→ **TASK GOAL**:
Only the lines from the one with "Спасибо за рецепт." to the end of the data, both ends included, should be output, exactly as they stand and without pictures.

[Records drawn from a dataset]

──────────

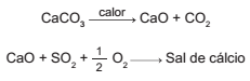 Os calcários são materiais compostos por carbonato de cálcio, que podem atuar como sorventes do dióxido de enxofre (SO2 ), um importante poluente atmosférico. As reações envolvidas no processo são a ativação do calcário, por meio de calcinação, e a fixação do SO2 com a formação de um sal de cálcio, como ilustrado pelas equações químicas simplificadas.
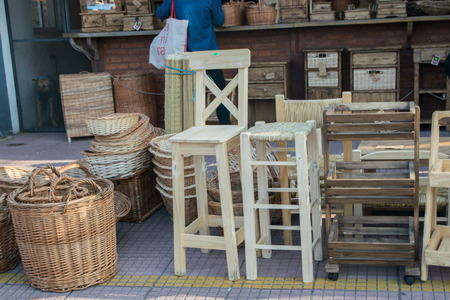 BUENOS AIRES, ARGENTINA - AUGUST 07, 2017: Wooden furniture for sale are seen at Puerto de Frutos in Tigre City, Buenos Aires, Argentina
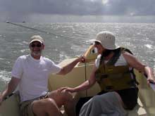Charlie and Laura seem to be pretty pleased with Traveler - here is a shot that Charlie took of Laura at the helm one day.
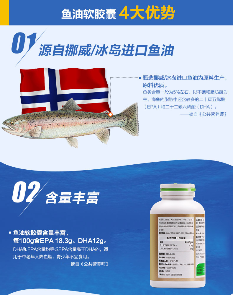 | 主要成份 | 营养成分 每粒含量 每100克含量dha(二十二碳六烯酸) 129mg 12.9gepa (二十碳五烯酸) 182mg 18.2g。 |
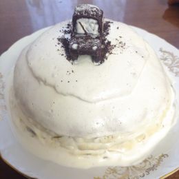 Спасибо за рецепт. Очень получился вкусный тортик. Легкий, не приторно сладкий. Декором занимался сын. Готовили для папы на День отца.
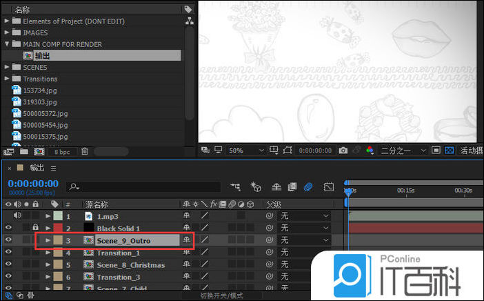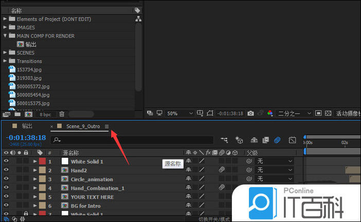 7、如下图所示,我们可以看到当前的【 输出】 合成为当前的主合成

──────────

→ **SOLUTION FOR THIS PROBLEM**:
 Спасибо за рецепт. Очень получился вкусный тортик. Легкий, не приторно сладкий. Декором занимался сын. Готовили для папы на День отца.
 7、如下图所示,我们可以看到当前的【 输出】 合成为当前的主合成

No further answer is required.